How to verify if a graph has crossing edges in networkx?

Question

I am creating a genetic algorithm to solve the traveling salesman problem using python and networkx. And I'm adding a condition to converge to a satisfactory solution: the path must not have crossing edges. I wonder if there's a quick function in networkx to verify if the graph has crossing edges or, at least, want to know if it's possible to create one.

The graph is created with a list of points (path), each point has a coordinate in x, and a coordinate in y. The sequence of points index the path to tour. I created an object nx.Graph() like below:

        G = nx.Graph()
        for i in range(len(path)):
            G.add_node(i, pos=(path[i].x, path[i].y))
            
        for i in range(len(path)-1):
            G.add_edge(i, i+1)
        G.add_edge(len(path)-1, 0)

One example of converging not optimal solution:

printing out the points with nx.get_node_attributes(G,'pos'):

{0: (494, 680), 1: (431, 679), 2: (217, 565), 3: (197, 581), 4: (162, 586), 5: (90, 522), 6:(138, 508), 7: (217, 454), 8: (256, 275), 9: (118, 57), 10: (362, 139), 11: (673, 89), 12: (738, 153), 13: (884, 119), 14: (687, 542), 15: (720, 618), 16: (745, 737), 17: (895, 887), 18: (902, 574), 19: (910, 337), 20: (823, 371), 21: (601, 345), 22: (608, 302), 23: (436, 294), 24: (515, 384), 25: (646, 495)}

Here is an article supporting the condition of convergence: http://www.ams.org/publicoutreach/feature-column/fcarc-tsp

Answer 1

My first reading was the same as @AveragePythonEngineer's. Normally in the travelling salesman problem, and graph theory in general, we don't care too much about the positions of the vertices, only the distances between them. And I thought you might be confusing the drawing of a graph with the graph (it's just one realization of infinite possible drawings). So while you can draw a planar graph with crossing edges if you wish (like your example), the point is that you could draw it in the plane.

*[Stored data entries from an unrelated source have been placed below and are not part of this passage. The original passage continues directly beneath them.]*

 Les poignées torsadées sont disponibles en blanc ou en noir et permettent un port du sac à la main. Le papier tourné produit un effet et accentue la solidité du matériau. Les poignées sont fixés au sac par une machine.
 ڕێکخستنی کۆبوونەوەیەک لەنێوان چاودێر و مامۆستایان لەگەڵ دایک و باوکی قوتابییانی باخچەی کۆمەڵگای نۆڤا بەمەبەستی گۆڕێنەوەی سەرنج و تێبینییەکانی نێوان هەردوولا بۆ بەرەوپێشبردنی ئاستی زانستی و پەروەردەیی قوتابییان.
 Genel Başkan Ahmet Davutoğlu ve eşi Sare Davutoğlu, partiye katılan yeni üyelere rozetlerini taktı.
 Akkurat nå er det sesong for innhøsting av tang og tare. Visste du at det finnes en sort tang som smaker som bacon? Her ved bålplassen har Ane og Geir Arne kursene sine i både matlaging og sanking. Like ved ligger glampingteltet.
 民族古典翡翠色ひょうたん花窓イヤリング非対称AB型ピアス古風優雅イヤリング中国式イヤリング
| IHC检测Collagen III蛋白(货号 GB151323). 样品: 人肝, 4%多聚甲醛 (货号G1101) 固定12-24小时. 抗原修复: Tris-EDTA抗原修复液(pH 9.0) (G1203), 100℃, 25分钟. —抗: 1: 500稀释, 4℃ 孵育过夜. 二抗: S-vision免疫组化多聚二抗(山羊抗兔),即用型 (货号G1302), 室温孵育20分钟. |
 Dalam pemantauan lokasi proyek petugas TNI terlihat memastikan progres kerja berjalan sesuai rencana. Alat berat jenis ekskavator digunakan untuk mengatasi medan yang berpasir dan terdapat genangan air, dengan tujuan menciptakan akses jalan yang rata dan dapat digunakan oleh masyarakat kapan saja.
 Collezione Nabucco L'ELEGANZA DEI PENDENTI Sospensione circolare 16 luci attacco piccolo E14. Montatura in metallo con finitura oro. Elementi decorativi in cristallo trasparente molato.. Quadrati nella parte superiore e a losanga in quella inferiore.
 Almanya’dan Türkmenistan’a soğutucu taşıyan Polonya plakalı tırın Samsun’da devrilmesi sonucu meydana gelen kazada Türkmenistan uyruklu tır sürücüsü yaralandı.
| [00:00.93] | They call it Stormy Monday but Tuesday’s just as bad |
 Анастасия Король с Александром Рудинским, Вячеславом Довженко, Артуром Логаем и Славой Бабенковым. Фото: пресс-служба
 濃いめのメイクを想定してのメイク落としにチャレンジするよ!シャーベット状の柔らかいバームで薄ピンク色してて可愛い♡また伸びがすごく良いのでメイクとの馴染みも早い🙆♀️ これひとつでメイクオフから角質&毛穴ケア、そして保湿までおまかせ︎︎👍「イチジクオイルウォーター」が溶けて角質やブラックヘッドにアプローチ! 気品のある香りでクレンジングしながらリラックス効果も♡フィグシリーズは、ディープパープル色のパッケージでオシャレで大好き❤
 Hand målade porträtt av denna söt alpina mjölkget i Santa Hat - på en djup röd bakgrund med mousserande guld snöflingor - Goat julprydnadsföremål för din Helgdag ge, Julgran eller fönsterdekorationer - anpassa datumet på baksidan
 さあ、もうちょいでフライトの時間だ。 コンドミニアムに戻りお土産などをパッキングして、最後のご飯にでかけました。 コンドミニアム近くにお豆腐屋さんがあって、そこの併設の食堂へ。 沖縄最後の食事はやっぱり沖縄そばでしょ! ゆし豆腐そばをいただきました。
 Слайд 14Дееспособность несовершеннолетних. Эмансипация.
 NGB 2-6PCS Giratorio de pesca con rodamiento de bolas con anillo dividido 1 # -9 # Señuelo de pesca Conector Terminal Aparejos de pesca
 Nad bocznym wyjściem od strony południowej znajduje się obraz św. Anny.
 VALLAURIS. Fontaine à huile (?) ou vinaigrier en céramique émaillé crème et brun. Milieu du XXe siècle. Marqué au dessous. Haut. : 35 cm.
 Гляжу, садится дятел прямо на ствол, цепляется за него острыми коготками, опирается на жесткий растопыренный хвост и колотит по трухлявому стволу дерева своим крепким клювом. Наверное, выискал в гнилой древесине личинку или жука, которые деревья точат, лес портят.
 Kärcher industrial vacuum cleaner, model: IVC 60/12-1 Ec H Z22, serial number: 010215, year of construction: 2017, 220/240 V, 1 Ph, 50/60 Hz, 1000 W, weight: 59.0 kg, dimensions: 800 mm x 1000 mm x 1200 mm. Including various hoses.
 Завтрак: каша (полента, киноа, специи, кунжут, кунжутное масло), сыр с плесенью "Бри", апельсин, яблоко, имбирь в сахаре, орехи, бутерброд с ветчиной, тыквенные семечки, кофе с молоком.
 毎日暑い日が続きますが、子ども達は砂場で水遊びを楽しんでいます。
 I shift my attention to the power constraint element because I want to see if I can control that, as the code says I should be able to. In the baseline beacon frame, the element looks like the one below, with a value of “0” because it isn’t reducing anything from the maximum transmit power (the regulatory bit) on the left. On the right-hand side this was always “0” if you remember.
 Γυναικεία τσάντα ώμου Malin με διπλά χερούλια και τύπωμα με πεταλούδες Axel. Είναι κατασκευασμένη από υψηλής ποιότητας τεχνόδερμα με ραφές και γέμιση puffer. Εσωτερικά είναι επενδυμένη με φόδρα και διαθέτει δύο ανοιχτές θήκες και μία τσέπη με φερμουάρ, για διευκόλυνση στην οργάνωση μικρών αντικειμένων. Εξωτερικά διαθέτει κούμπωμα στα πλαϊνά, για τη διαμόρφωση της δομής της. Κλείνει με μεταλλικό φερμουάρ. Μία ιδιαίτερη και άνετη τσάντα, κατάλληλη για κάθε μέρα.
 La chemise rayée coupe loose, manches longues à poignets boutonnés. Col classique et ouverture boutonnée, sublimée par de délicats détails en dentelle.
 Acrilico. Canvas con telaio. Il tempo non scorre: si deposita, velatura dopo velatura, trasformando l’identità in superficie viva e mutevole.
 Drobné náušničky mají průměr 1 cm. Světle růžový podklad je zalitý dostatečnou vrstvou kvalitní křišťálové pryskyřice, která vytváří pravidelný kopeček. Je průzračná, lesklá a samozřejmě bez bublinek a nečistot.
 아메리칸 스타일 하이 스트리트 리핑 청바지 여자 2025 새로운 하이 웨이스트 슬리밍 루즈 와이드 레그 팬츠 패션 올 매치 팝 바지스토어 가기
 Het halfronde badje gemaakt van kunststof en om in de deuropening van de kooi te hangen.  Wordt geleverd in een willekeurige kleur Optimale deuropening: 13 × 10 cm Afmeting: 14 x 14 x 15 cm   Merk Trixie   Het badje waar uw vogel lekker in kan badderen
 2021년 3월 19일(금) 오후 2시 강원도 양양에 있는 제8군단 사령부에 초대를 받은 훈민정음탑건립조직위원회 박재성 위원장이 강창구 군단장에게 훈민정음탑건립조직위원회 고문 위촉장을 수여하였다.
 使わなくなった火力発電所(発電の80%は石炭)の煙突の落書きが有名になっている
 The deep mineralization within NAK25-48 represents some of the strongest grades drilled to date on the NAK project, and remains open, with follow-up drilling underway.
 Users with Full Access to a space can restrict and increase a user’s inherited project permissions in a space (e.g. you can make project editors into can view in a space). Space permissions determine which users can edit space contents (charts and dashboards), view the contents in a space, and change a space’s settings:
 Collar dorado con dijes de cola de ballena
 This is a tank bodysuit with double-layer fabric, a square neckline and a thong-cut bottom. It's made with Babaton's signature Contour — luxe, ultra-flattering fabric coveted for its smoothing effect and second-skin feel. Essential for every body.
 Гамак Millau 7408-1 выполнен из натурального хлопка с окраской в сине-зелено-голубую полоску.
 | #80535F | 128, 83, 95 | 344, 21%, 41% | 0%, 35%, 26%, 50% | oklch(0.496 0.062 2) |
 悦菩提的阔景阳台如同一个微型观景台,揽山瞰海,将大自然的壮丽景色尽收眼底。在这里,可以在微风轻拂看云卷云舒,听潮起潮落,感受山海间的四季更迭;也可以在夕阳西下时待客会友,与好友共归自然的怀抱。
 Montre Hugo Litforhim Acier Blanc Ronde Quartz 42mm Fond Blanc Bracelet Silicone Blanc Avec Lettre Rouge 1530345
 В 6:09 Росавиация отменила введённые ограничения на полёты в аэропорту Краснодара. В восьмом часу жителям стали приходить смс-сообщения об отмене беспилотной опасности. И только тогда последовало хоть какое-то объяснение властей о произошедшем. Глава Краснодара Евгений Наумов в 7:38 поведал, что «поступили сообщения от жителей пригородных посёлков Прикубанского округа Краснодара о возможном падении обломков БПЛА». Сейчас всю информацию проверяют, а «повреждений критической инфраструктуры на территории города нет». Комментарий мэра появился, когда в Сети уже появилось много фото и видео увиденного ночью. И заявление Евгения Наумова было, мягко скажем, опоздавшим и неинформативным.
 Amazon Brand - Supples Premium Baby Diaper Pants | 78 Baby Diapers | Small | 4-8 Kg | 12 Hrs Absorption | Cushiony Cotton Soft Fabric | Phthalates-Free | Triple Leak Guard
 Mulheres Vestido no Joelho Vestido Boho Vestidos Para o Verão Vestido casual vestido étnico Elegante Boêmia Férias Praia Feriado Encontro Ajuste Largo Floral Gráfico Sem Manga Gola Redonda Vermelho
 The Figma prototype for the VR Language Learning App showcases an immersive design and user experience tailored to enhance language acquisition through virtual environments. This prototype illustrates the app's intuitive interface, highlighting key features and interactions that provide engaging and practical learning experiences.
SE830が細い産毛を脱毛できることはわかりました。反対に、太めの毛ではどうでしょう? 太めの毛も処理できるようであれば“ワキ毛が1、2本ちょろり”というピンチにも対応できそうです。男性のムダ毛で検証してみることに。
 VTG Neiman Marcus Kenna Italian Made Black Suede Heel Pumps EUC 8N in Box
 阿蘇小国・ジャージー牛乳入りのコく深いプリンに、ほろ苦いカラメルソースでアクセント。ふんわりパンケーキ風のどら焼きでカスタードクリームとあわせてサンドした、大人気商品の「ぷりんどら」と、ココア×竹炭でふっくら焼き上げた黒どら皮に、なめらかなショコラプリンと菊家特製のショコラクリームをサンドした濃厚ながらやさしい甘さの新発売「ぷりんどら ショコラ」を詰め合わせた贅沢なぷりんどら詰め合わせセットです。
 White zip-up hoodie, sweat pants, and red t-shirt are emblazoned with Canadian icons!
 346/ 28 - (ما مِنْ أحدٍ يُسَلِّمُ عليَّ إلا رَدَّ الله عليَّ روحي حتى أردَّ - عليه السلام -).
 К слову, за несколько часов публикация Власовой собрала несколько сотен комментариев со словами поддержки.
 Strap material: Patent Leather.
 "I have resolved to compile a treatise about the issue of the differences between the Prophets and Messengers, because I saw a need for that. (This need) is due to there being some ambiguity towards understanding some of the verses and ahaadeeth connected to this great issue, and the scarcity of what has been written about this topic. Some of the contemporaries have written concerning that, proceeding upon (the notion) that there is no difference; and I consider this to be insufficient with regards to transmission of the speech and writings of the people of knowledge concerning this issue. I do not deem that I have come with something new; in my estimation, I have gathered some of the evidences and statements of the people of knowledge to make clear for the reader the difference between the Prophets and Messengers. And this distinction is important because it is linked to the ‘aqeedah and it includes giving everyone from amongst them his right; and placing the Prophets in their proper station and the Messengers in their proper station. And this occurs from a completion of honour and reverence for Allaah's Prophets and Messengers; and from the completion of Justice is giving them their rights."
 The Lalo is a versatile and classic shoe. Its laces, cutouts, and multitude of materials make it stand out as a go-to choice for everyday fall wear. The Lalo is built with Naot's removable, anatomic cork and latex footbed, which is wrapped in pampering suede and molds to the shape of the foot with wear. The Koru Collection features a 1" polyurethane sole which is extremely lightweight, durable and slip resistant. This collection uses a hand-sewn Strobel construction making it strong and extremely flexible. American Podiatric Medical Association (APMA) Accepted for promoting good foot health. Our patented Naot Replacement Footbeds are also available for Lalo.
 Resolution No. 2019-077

On re-reading your question, I think you're actually introducing the 'no crossing paths' as a constraint. To put it another way using the jargon: the path must not be self-intersecting. If that's right, then I think this question in GIS Stack Exchange will help you. It uses shapely, a very useful tool for 2D geometric questions. From the first answer:

[Check out] .is_simple

Returns True if the feature does not cross itself.

from shapely.wkt import loads
l = loads('LINESTRING (9603380.577551289 2719693.31939431, 9602238.01822002 2719133.882441244, 9601011.900844947 2718804.012436028, 9599670.800095448 2718931.680117098, 9599567.204161201 2717889.384686942, 9600852.184025297 2721120.409265322, 9599710.80929024 2720511.270897166, 9602777.832940497 2718125.875545334)')
print(l.is_simple) # False

If you're looking to solve the problem from scratch then this answer to a similar question, but in a different framework, has some interesting leads, especially the Bentley–Ottmann algorithm, which might be useful.

Answer 2

I am not sure, whether it suits your problem, but it seems to me that it is related to the planarity of a graph.

You can check whether a graph is planar with:

nx.is_planar(G)

which returns True, if it is. See the documentation.